Using the device illustrated in FIG. 1, sleep-related changes were detected in ventilatory pattern, as illustrated in FIG. 6, and disturbances in respiratory airflow, as illustrated in FIGS. 7A and 7B. Of note, airflow and respiratory movement signals were crucial in detecting IFL, which is characterized by increasing respiratory effort during a plateau in inspiratory airflow, in an obese mouse strain previously considered susceptible to upper airway obstruction. These flow-limited breaths were characterized by a decrease in inspiratory flow, an increase in inspiratory time, an increase in respiratory movement, and negative effort dependence, all of which are consistent with the development of dynamic upper airway obstruction. Previous studies have suggested that the most likely site of extrathoracic obstruction in the mouse is the pharynx. IFL in a sleeping mouse is a novel, potentially intriguing finding and suggests that this strain might serve as mouse model of OSA. While central apneas have been reported in both mice and rats, a rodent model of OSA has never been reported.

As illustrated in FIG. 8, a method of performing whole body plethysmography of a small mammal 100 includes a step 102 of placing the small mammal in a first sealed chamber coupled to a second sealed chamber. In step 102, the second sealed chamber acts as a reference to the first sealed chamber. In step 106, an air flow is provided through the first sealed chamber. The method also includes step 108 of transducing mechanical pressure changes associated with a breath taken by the small mammal into a respiratory signal for the small mammal, and step 1 10 of cancelling noise in the respiratory signal for the small mammal.

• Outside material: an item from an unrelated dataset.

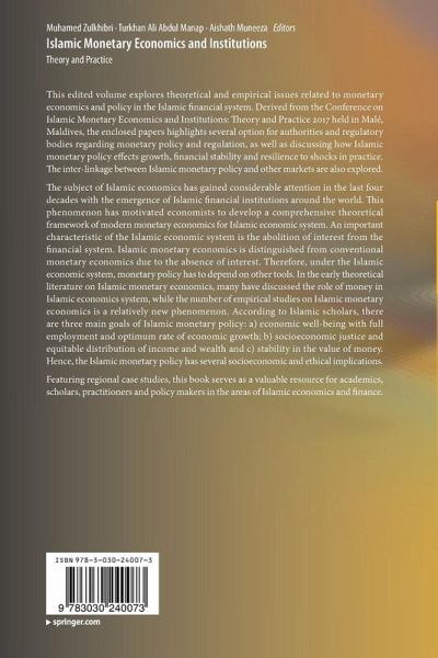 This edited volume explores theoretical and empirical issues related to monetary economics and policy in the Islamic financial system. Derived from the Conference on Islamic Monetary Economics and Institutions: Theory and Practice 2017 held in Malé, Maldives, the enclosed papers highlights several option for authorities and regulatory bodies regarding monetary policy and regulation, as well as discussing how Islamic monetary policy effects growth, financial stability and resilience to shocks in practice. The inter-linkage between Islamic monetary policy and other markets are also explored. The subject of Islamic economics has gained considerable attention in the last four decades with the emergence of Islamic financial institutions around the world. This phenomenon has motivated economists to develop a comprehensive theoretical framework of modern monetary economics for Islamic economic system. An important characteristic of the Islamic economic system is the abolition of interest from the financial system. Islamic monetary economics is distinguished from conventional monetary economics due to the absence of interest. Therefore, under the Islamic economic system, monetary policy has to depend on other tools. In the early theoretical literature on Islamic monetary economics, many have discussed the role of money in Islamic economics system, while the number of empirical studies on Islamic monetary economics is a relatively new phenomenon. According to Islamic scholars, there are three main goals of Islamic monetary policy: a) economic well-being with full employment and optimum rate of economic growth; b) socioeconomic justice and equitable distribution of income and wealth and c) stability in the value of money. Hence, the Islamic monetary policy has several socioeconomic and ethical implications. Featuring regional case studies, this book serves as a valuable resource for academics, scholars, practitioners and policy makers in the areas of Islamic economics and finance.

It should be noted that in certain embodiments, greater accuracy of the expiratory flow signal could be implemented by incorporating a correction factor, increasing the signal- to-noise ratio for the underlying chamber pressure, or signal averaging the expiratory signal over multiple breaths. Oxyhemoglobin saturation monitoring could also be incorporated. Additionally, while this system was developed solely to studying mice, it can be used for rat plethysmography with some modifications. A larger commercial chamber is necessary, and this chamber must be fitted with the proper needle resistances to achieve an adequate time constant and bias flow. The many features and advantages of the invention are apparent from the detailed specification, and thus, it is intended by the appended claims to cover all such features and advantages of the invention which fall within the true spirit and scope of the invention.

Further, since numerous modifications and variations will readily occur to those skilled in the art, it is not desired to limit the invention to the exact construction and operation illustrated and described, and accordingly, all suitable modifications and equivalents may be resorted to, falling within the scope of the invention.

Although the present invention has been described in connection with preferred embodiments thereof, it will be appreciated by those skilled in the art that additions, deletions, modifications, and substitutions not specifically described may be made without departing from the spirit and scope of the invention as defined in the appended claims.